EXERCISE DIRECTIONS:
As the answer, give exactly the lines of the records below from the one with "и фината моторика;" through the one with "Дом из клееного", ends included and pictures left out.

INPUT RECORDS:
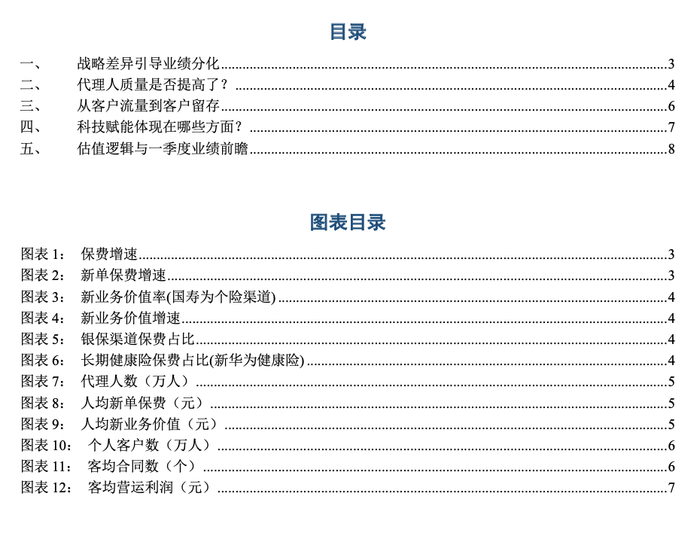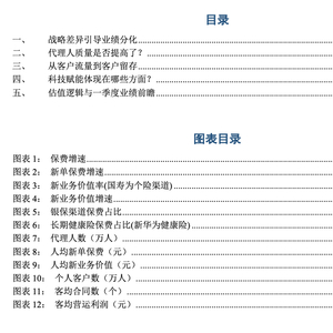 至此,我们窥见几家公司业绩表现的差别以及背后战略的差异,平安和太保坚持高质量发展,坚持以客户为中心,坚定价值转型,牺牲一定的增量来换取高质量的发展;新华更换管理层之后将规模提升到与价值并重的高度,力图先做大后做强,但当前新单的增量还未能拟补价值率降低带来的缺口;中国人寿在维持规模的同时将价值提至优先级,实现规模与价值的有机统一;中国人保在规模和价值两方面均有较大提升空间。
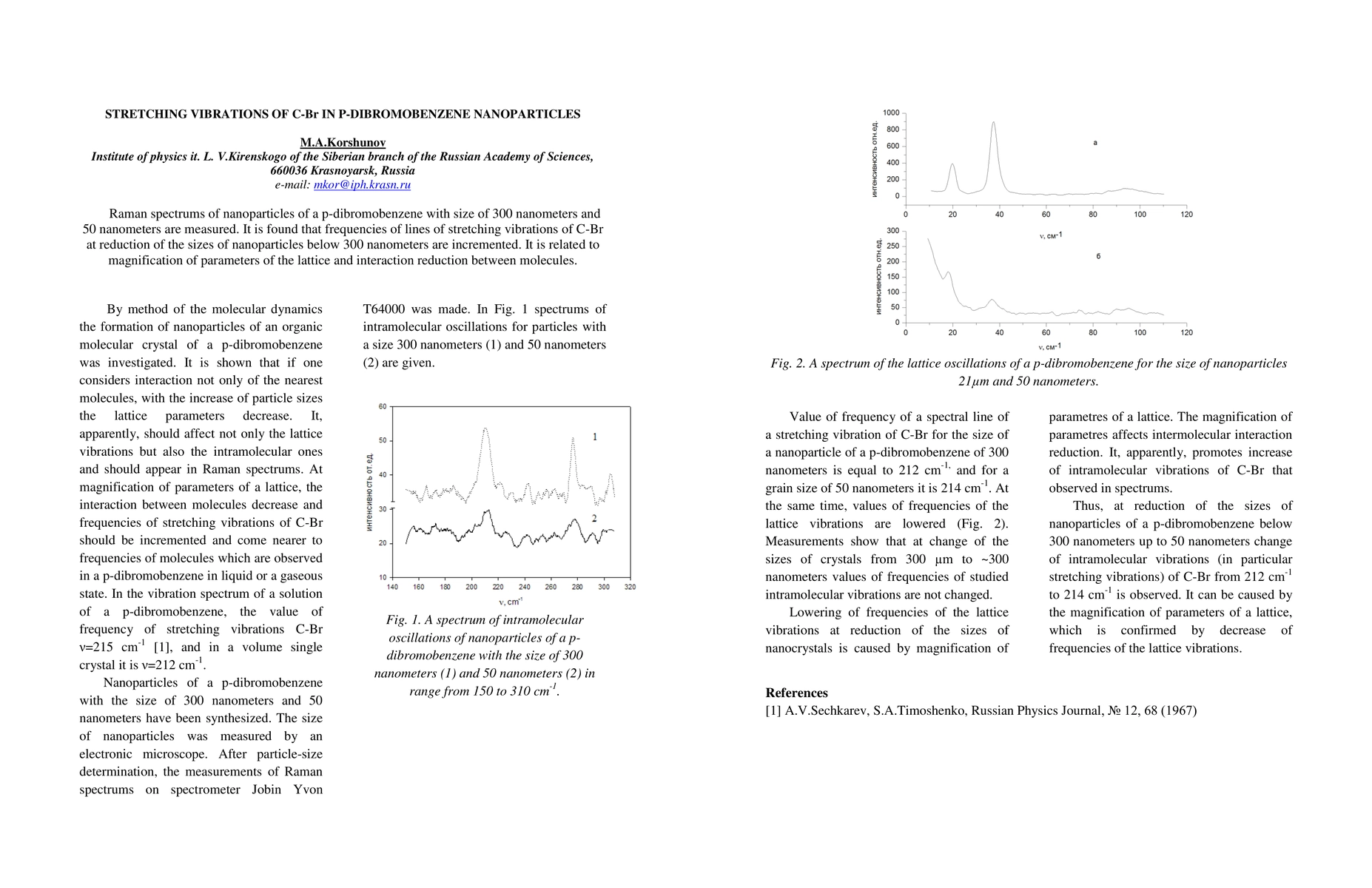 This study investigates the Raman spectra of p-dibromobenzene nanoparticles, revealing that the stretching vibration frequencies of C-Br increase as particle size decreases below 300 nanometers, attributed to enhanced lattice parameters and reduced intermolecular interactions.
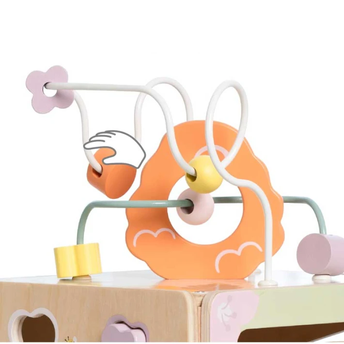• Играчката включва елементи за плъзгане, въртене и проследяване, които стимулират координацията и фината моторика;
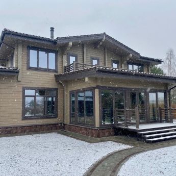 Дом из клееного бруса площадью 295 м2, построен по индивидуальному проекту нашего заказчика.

==

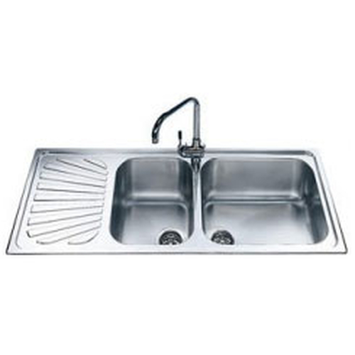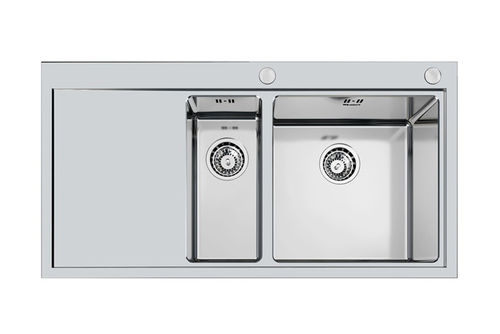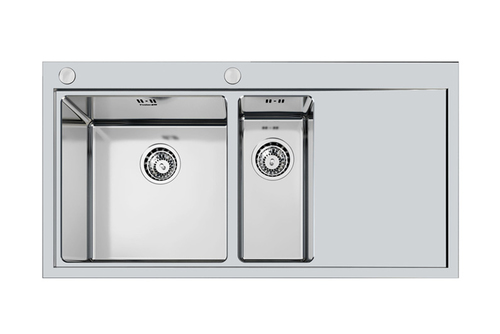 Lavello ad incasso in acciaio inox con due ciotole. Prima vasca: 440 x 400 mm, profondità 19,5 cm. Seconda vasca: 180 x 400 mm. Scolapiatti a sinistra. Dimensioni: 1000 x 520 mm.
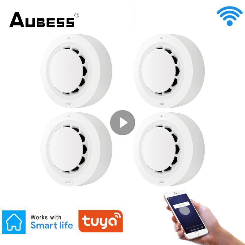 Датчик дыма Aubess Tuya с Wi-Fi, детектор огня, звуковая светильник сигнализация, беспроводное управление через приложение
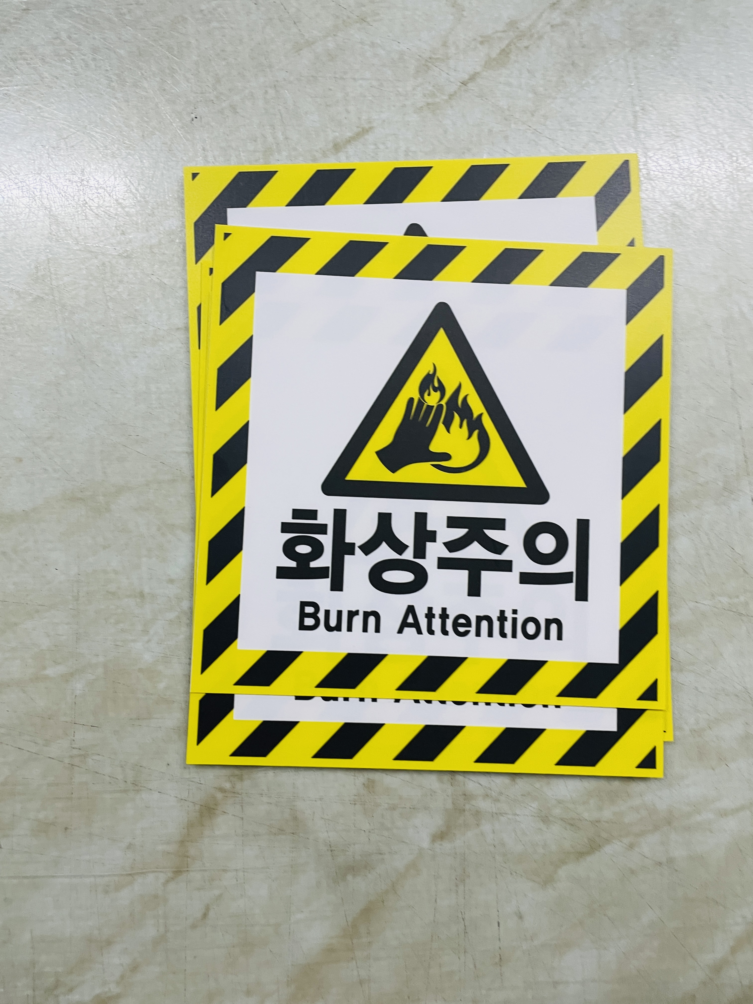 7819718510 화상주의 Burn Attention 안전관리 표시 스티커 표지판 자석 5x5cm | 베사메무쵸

EXERCISE RESPONSE:
• Играчката включва елементи за плъзгане, въртене и проследяване, които стимулират координацията и фината моторика;
 Дом из клееного бруса площадью 295 м2, построен по индивидуальному проекту нашего заказчика.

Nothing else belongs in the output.